Most (if not all) compilers of programming languages do not break it down to the absolute, raw x86/ARM/other architecture's machine code. Instead, after they pack your source code into a .o (object) file, they then bring the .o and its libraries and "link" it all together, in such a way that it forms a standard executable format. These "executable formats" are essentially system-specific file formats that contain low level, very-close-to-machine-code instructions that the OS interprets in such a way that it can relay those low-level instructions to the CPU in the form of machine-code instructions.

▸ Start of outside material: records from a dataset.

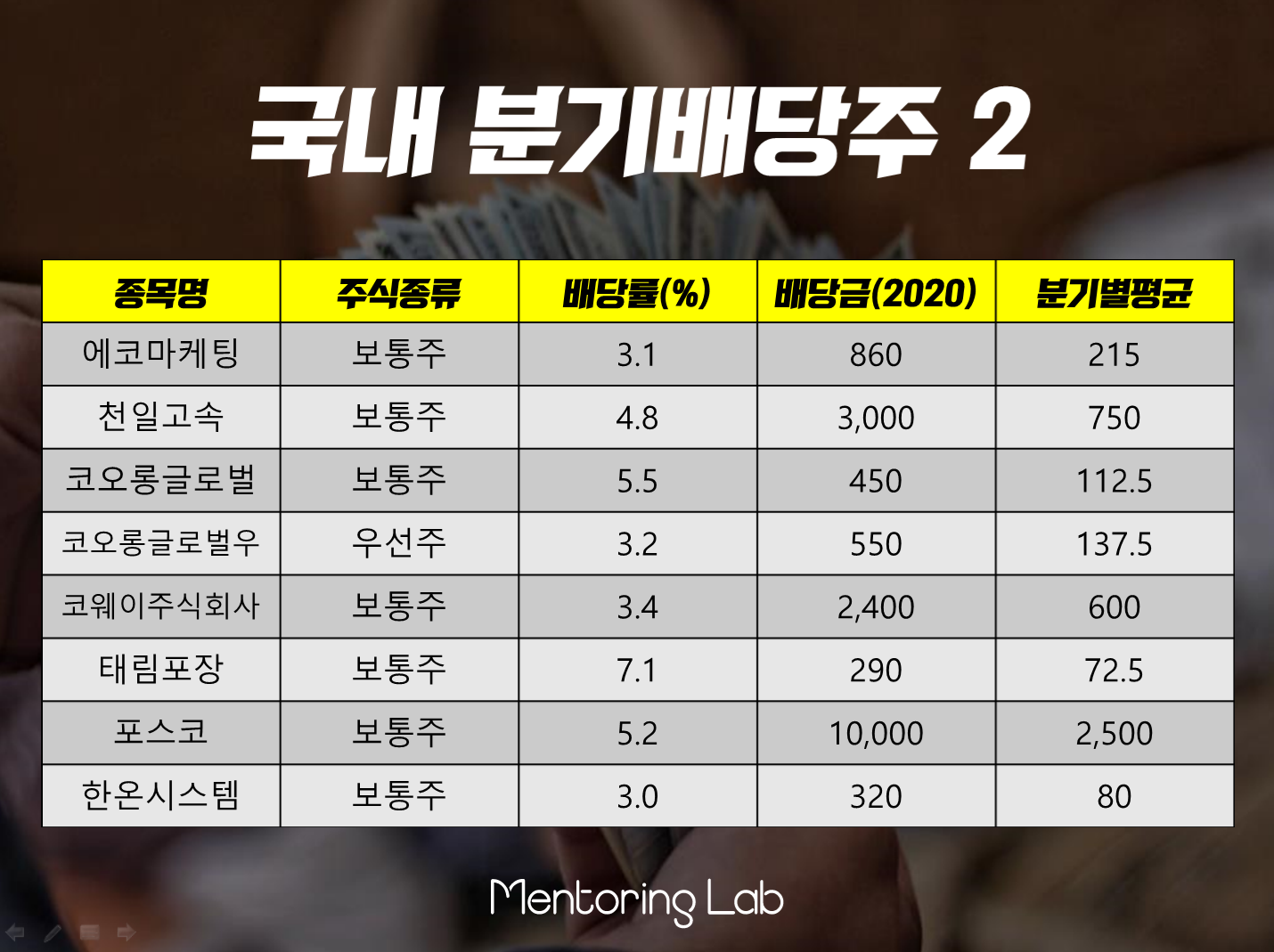 위의 표를 살펴보시면 분기별로 주당 받을 수 있는 배당가격의 평균치가 나옵니다. 기업의 분기별 실적에 따라 조금씩 차이가 나니 평균치를 보면서 배당주를 매수하는 전략이 속 편합니다.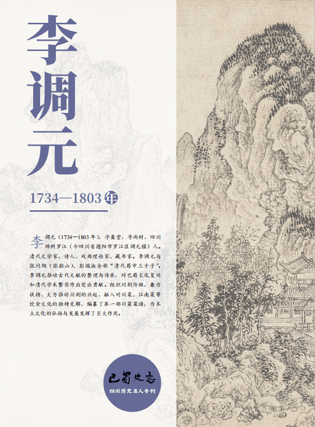 李调元(1734-1803),字羹堂,号雨村,四川绵州罗江(今四川省德阳市罗江区调元镇)人。清代文学家、诗人、戏曲理论家、藏书家。李调元与张问陶(张船山)、彭端淑合称“清代蜀中三才子”。李调元推动古代文献的整理与传承,对巴蜀文化复兴和清代学术繁荣作出突出贡献。组织川剧伶班,着力扶持、大力推动川剧的兴起,融入对川菜、江南菜等饮食文化的独特见解,编纂了第一部川菜菜谱,为本土文化的弘扬与发展发挥了巨大作用。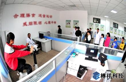 該體質檢測中心分為體質檢測和運動健身兩大功能區(qū),每天免費為群眾進行身體各項機能指標檢測, 15到20分鐘就能做完一套體質檢測,終端系統(tǒng)立刻給出健康評估報告,并通過互聯(lián)網(wǎng)讓健康教練開出運動處方,提出有針對性的訓練方案,受測人按處方科學合理鍛煉。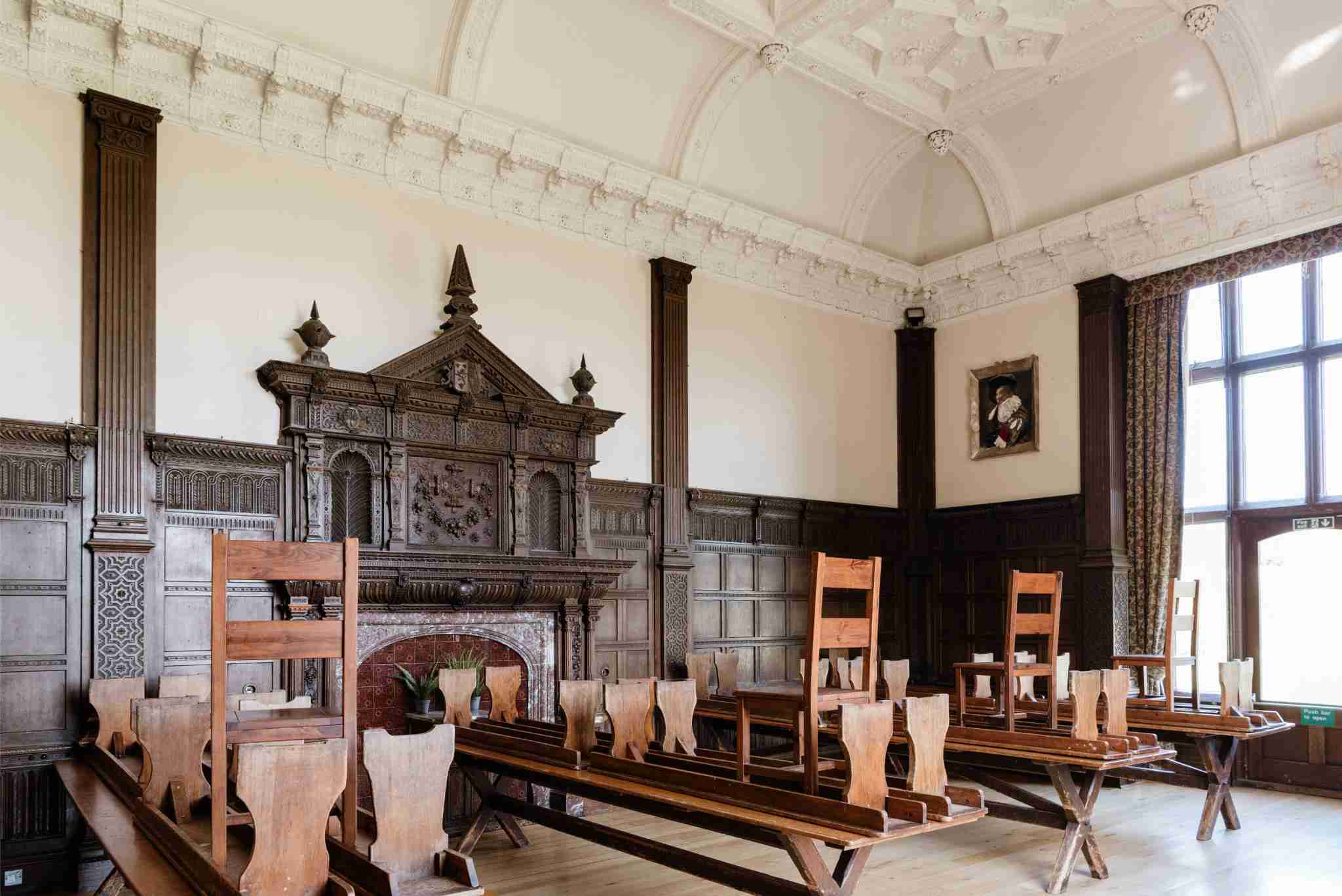 Inside you have incredible panelled hallways, huge rooms with plasterwork ceilings and ornate stained glass and lead windows. All the period features are here including some huge carved fireplaces, an immense carved wood staircase, large floor to ceiling windows, exposed beams and more. The possibilities for films, events, and photoshoots here are innumerate.

For example, I'll talk about the two most commonly used executable formats for Linux devices: ELF and ELF64 (I'll let you figure out what the namesake differences are yourself). ELF stands for Executable and Linkable Format. In every ELF-compiled program, the file starts off with a 4-byte "magic number", which is simply a hexadecimal 0x7F followed by the string "ELF" in ASCII. The next byte is set to either 1 or 2, which signifies that the program is for 32-bit or 64-bit architectures, respectively. And after that, another byte to signify the program's endianness. After that, there's a few more bytes that tell what the architecture is, and so on, until you reach a total of up to 64 bytes for the 64-bit header.

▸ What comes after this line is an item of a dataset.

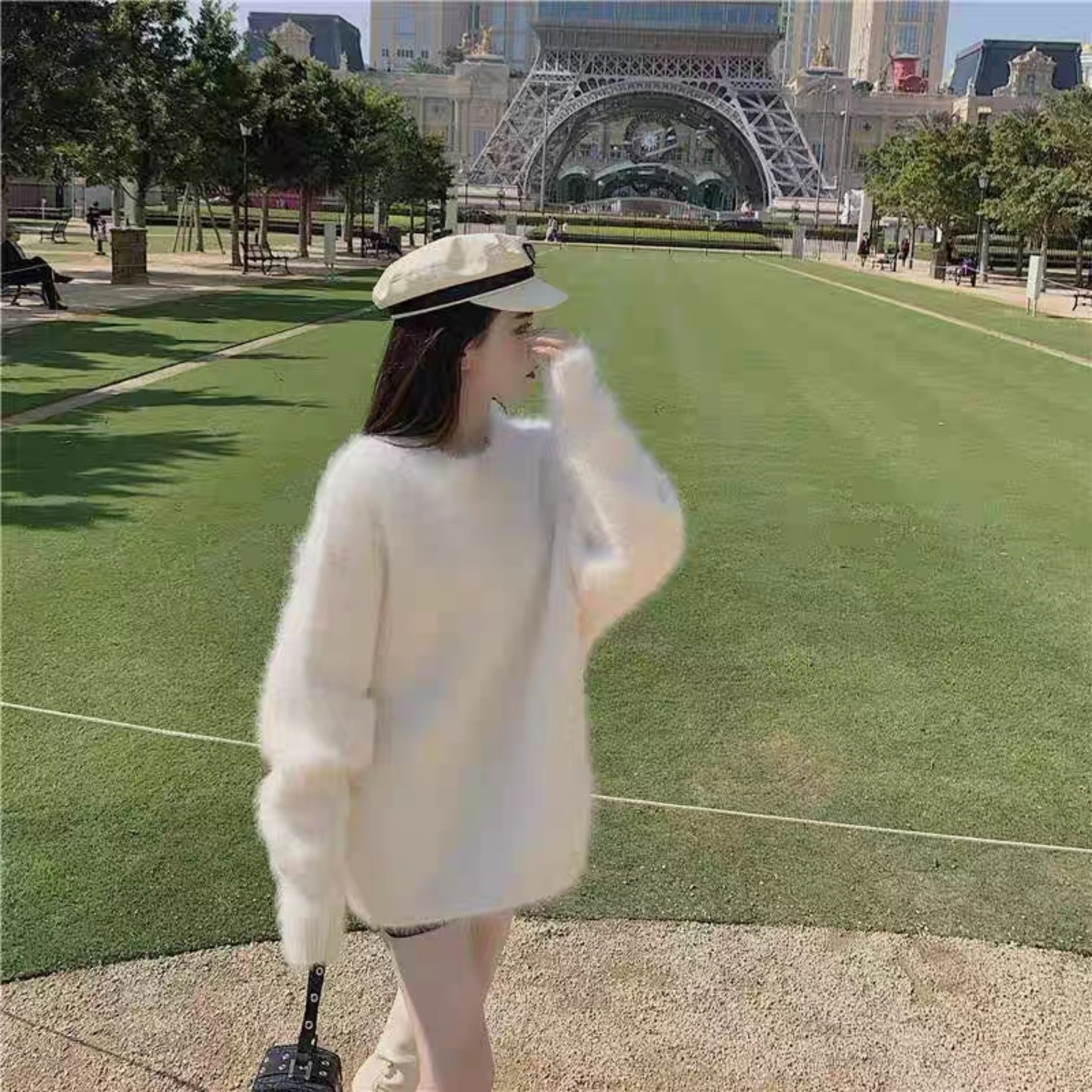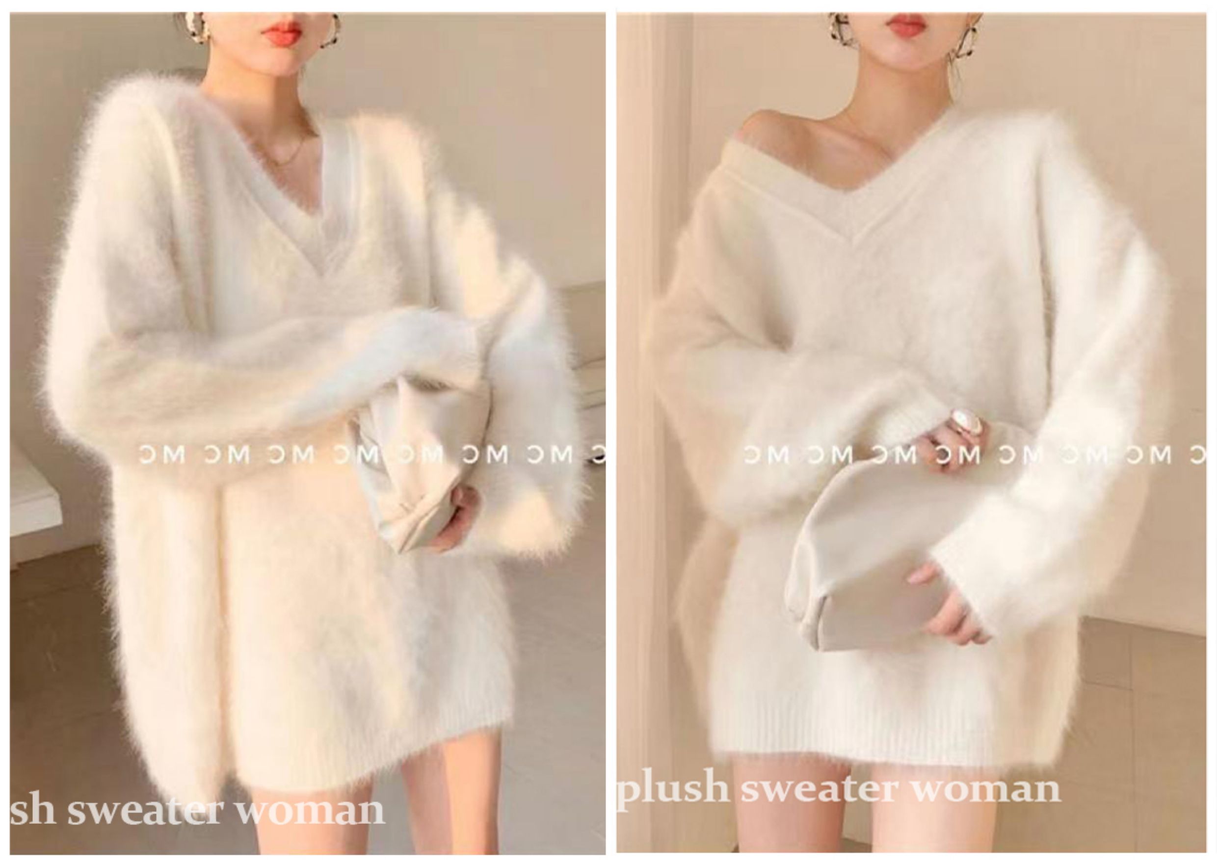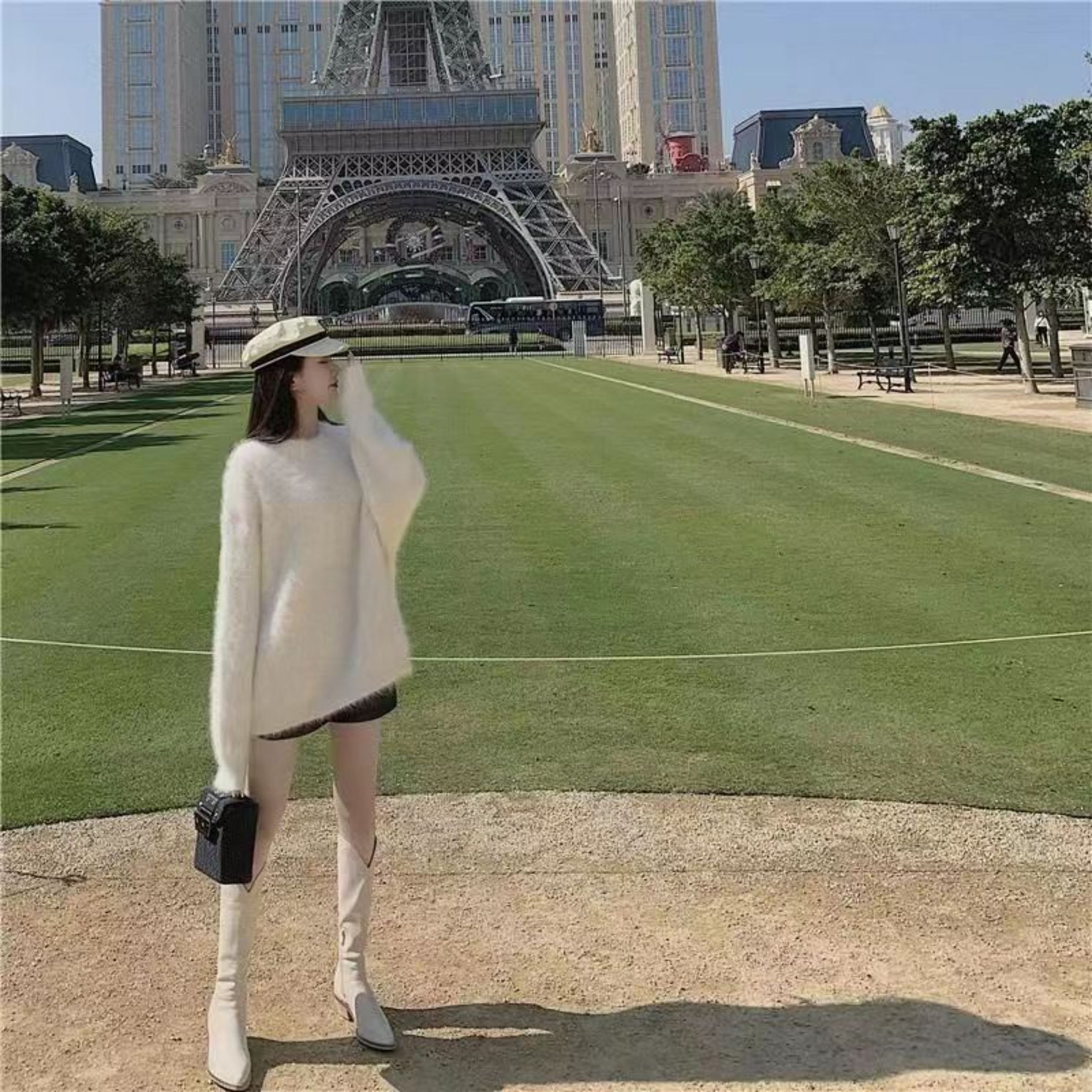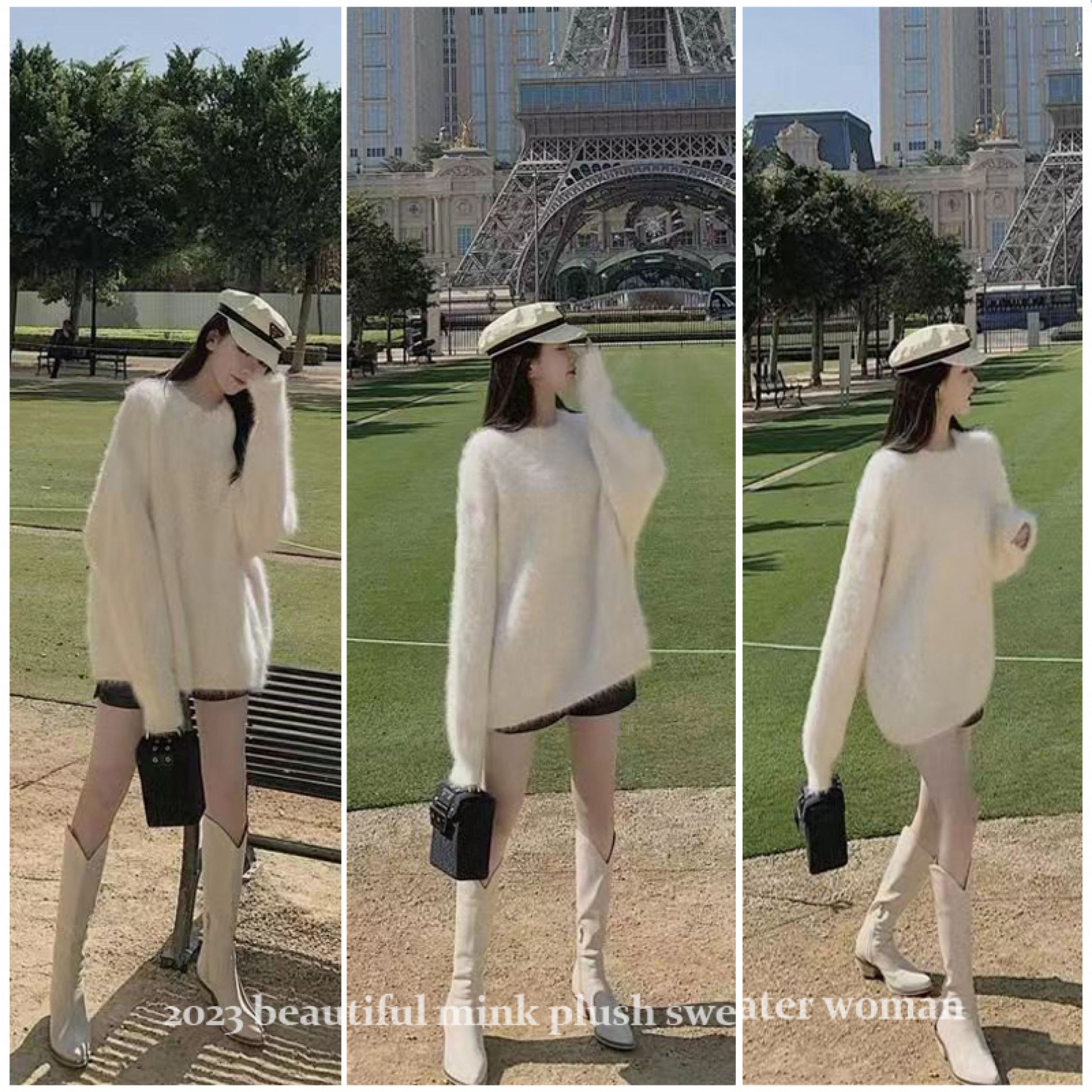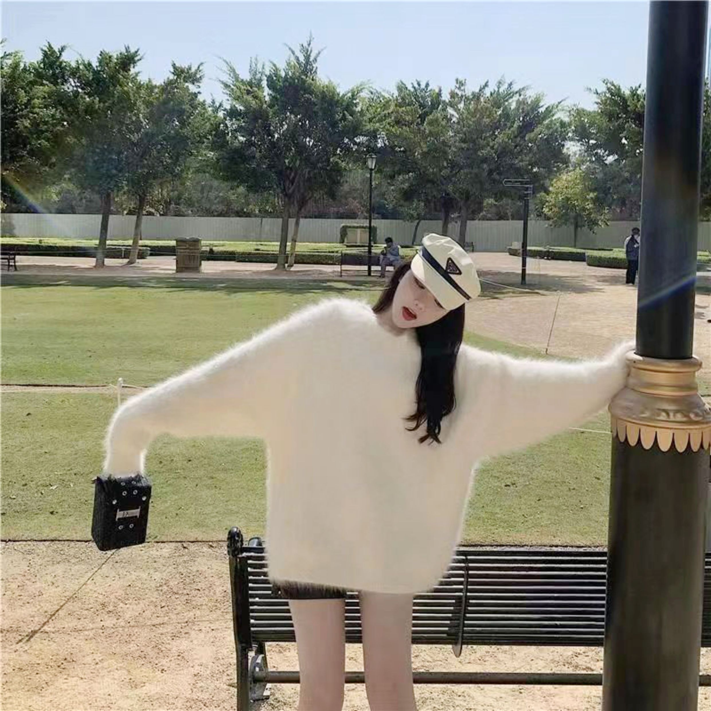 慵懶風毛衣女中長款秋冬外穿白色水貂絨高級感內搭V領針織上衣潮

However, 64 bytes is not even close to the 128K that you have stated. That's because (aside from the fact that the windows .exe format is usually much more complex), there is the C++ standard library at fault here. For instance, let's have a look at a common use of the C++ iostream library:
#include <iostream>
int main()
{
std::cout<<"Hello, World!"<<std::endl;
return 0;
}
This program may compile to an extremely large executable on a windows system, because the moment you add iostream to your program, it adds the entire C++ standard library into it, increasing your executable's size immensely.
So, how do we rectify this problem? Simple:
Use the C standard library implementation for C++!
#include <cstdio>
int main()
{
printf("Hello, World!\n");
return 0;
}
Simply using the original C standard library can decrease your size from a couple hundred KBytes to a handful at most. The reason that this happens is simply because GCC/G++ really likes linking programs with the entire standard C++ library for some odd reason.
However, sometimes you absolutely need to use the C++-specific libraries. In that case,a lot of linkers have some kind of command-line option that essentially tells the linker "Hey, I'm only using like, 2 functions from the STDCPP library, you don't need the whole thing". On the Linux linker ld, this is the command-line option -nodefaultlibs. I'm not entirely sure what this is on windows, though. Of course, this can very quickly break a TON of calls and such in programs that make a lot of standard C++ calls.
So, in the end, I would worry more about simply re-writing your program to use the regular C functions instead of the new-fangled C++ functions, as amazing as they are. that is if you're worried about size.